Rapamycin boosts antigen-specific interferon-gamma responses
Interventions to improve the length and quality of life are of interest, and HET3 mice are advantageous for research and testing interventions because the population of siblings is reproducible and results can be compared across time and from different laboratories [13],[19],[30]. Furthermore, rapamycin benefits multiple types of immune responses in old mice but not young mice (unpublished, DH), and rapamycin could improve outcome to M. tuberculosis infection by enhancing innate or acquired immunity. Rapamycin has beneficial effects on lifespan [11]-[13] and controls metabolism of immune cells [14] important for resistance to M. tuberculosis[28],[29]. Rapamycin also stimulates M. tuberculosis antigen-specific TH1 cells [15],[31] by inducing autophagy [32] which can eliminate intracellular M. tuberculosis bacilli [33]. We thus tested whether rapamycin enhanced immune responses to M. tuberculosis in aging mice. Indeed, rapamycin increased ESAT-6-specific IFN-γ responses during M. tuberculosis infection (Figure 3A). Rapamycin also increased ESAT-6-specific proliferation, the numbers of IFN-γ producing cells, and amount of IFN-γ produced by the responding cells (Figure 3B-D) when ESAT-6 was administered as a vaccine. Whether these responses to ESAT-6 vaccination improve control of M. tuberculosis bacillary growth or prolong survival remains to be determined.

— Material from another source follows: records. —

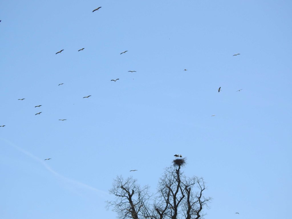 Une belle sortie pour cette bande d’amis, ciel bleu, soleil, anémones pulsatilles, florilège d’oiseaux et à notre retour à Laneuveville-devant-Nancy, une trentaine de cigognes tournoyaient au dessus du couple qui couve
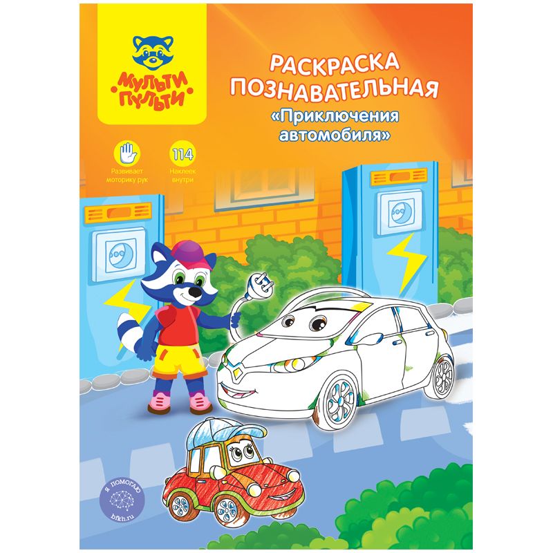 Раскраска А4 Мульти-Пульти «Познавательная: Приключения автомобиля», 16стр., с наклейками
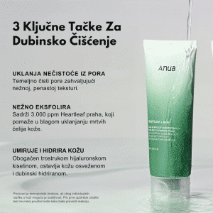 Anua je južnokorejski kozmetički brend poznat po veganskim proizvodima koji kombinuju prirodne sastojke za efikasnu i nežnu negu kože. Njihova filozofija naglašava važnost brige o sebi i balansiranog pristupa u postizanju zdrave i blistave kože.. Proizvodi su formulisani bez nepotrebnih dodataka, fokusirajući se na esencijalne sastojke kako bi pružili rešenja za različite probleme kože. Jedan od ključnih sastojaka u Anua proizvodima je ekstrakt biljke Houttuynia cordata, poznat po antioksidativnim i antiinflamatornim svojstvima, koji pomaže u umirivanju kože i regulaciji sebuma, što ga čini idealnim za masnu i kožu sklonu aknama. Brend se takođe zalaže za etičke i održive prakse; svi proizvodi su cruelty-free i dolaze u ekološki prihvatljivoj ambalaži.
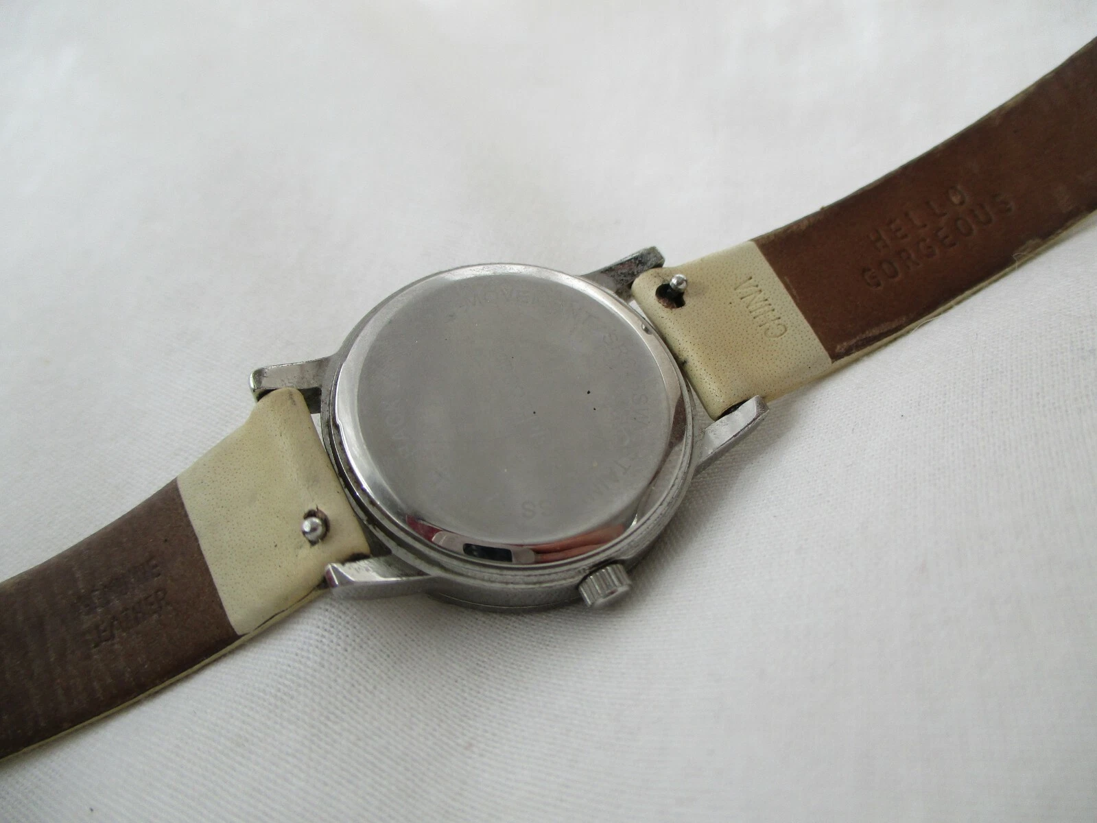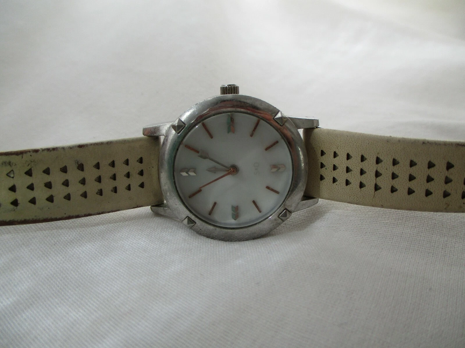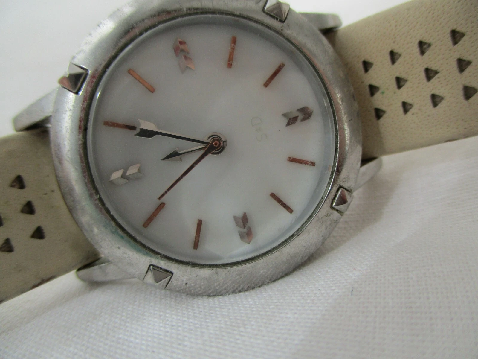 Stella & Dot Watch Beige Buckle Band Round White Face Silver Toned

In summary, our results indicate that oral rapamycin showed trends for enhancing ESAT-6 specific responses in genetically diverse old mice. The variable statistical significance likely reflects the relatively small sample size, in particular with the vaccination studies in DO mice. Although additional studies are needed, the finding may be relevant for elderly people because oral delivery of agents is an attractive method to improve immune function.

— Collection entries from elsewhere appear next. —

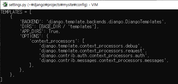 이제 데이터를 넘겨줄 템플릿을 실제로 만들어야한다. 우선 템플릿들을 저장할 templates 디렉토리를 mysite 디렉토리 하위에 생성한다. pybo 디렉토리 내에 templates 디렉토리를 생성해도 되고 그렇게하면 별도의 설정없이도 django에서 템플릿 디렉토리로 인식하지만 여러 앱이 공유하는 템플릿의 위치 문제등을 고려하면 화면을 구성하는 템플릿들은 하나의 디렉토리에 모아두는게 좋다고 한다. 그러니 여기서는 mystie 하위에 templates 디렉토리를 생성하고 그 내부에 각 앱들의 템플릿을 모아둘 디렉토리를 생성한 뒤 config\settings.py에서 템플릿 디렉토리로 등록해준다.
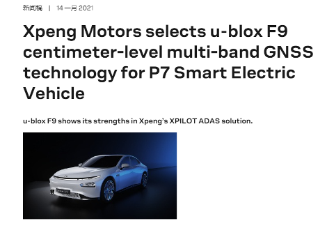 ZED-F9R模块是一款通过汽车AEC-Q100标准认证的车规级GNSS芯片,同时也可以在工业领域中应用。据官网信息显示,ZED-F9R模块已被国产品牌小鹏的P7车型采用,应用于小鹏的第三代XPILOT高级驾驶员辅助系统(ADAS),用于导航引导驾驶、自动停车和自动驾驶等方面,提供车辆精准定位,实现行车道的自动更改和最佳路线的快速切换等。
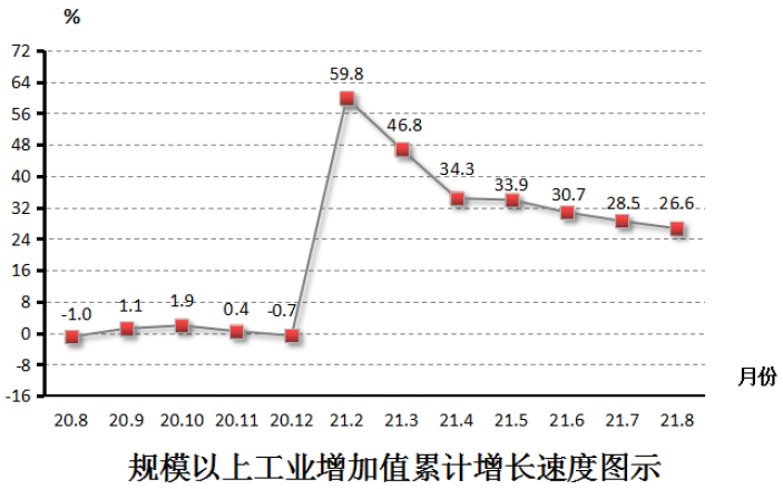 1-8月,全区规模以上工业增加值167.55亿元,同比增长26.6%。分经济类型看,国有及国有控股企业增长15.0%;外商及港澳台商投资企业增长18.0%。分企业规模看,大、中、小型企业工业增加值分别增长28.7%、27.1%、24.0%。全区工业用电量增长11.1%。
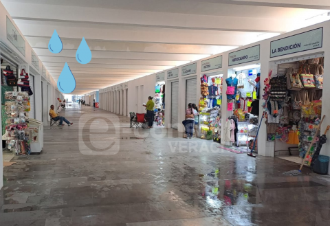 Graciela Pastrana, locataria de la plaza Heroísmo Veracruzano, contó que más de 10 locales del recién remodelado sitio resultaron afectados con filtraciones de agua y goteras ante las recientes lluvias que dejó el huracán Erick.

Rapamycin does not improve survival of aging mice with primary M.tb infection
We next assessed whether rapamycin treatment improved survival, delayed the onset of TB disease, or altered the lung lesions during primary M. tuberculosis infection. Rapamycin did not prolong survival or extend the median survival (Figure 4A) or delay disease onset (not shown). Modest changes in lungs are attributable to rapamycin: a slight reduction in the proportion of mice with marked necrosis and neutrophil influx and a shift toward increased lymphocytes (Figure 4B). Regardless, lung damage in all mice was substantial, and thus, despite having potential benefits (on lifespan, cellular and humoral immunity, autophagy), rapamycin in our model did not delay TB disease or extend survival in M. tuberculosis infected aged HET3 mice regardless of immunologic changes or tissue architectural changes.

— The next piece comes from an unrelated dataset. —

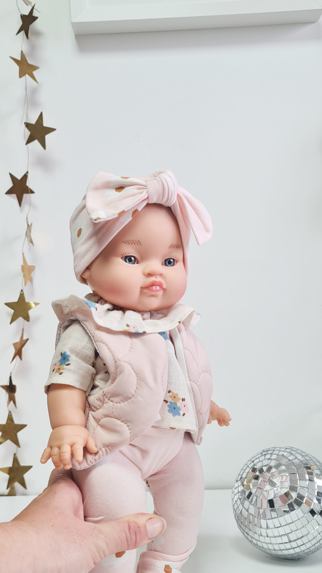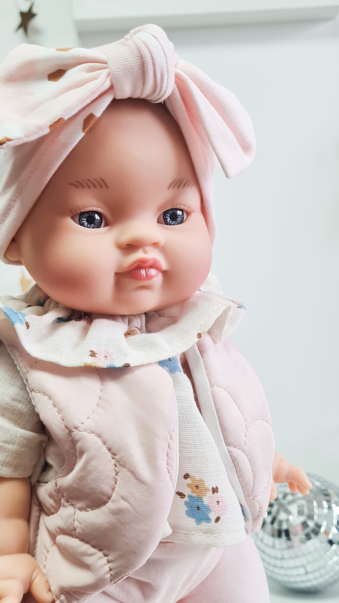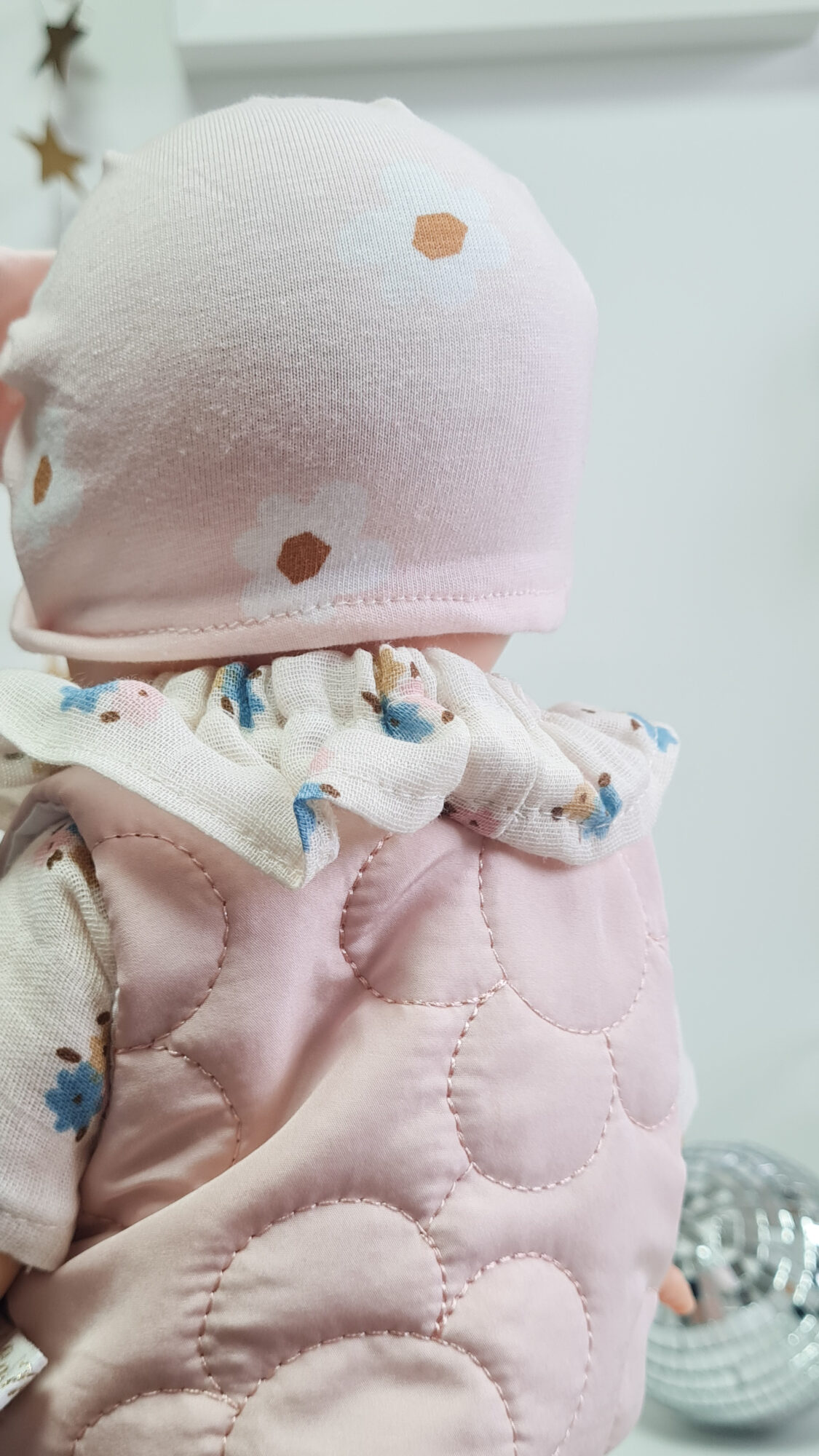Gilet matelassé fleurs pour poupée 34cm type Minikane ou Paola Reina.

We observed a trend for rapamycin-enhanced antigen-specific responses (proliferation, IFN-γ) in the vaccination model. It is unknown whether rapamycin or the enhanced immune responses can actually protect against M. tuberculosis challenge in this model, but this is a logical next step for future studies. However, clinical outcomes and survival measures in mice are now even more important when testing interventional or preventative therapies against M. tuberculosis infection because protective correlates of immunity are not fully known [16]-[18]. This strategy is necessary to assess the potential of rapamycin to improve vaccination efficacy in elderly people.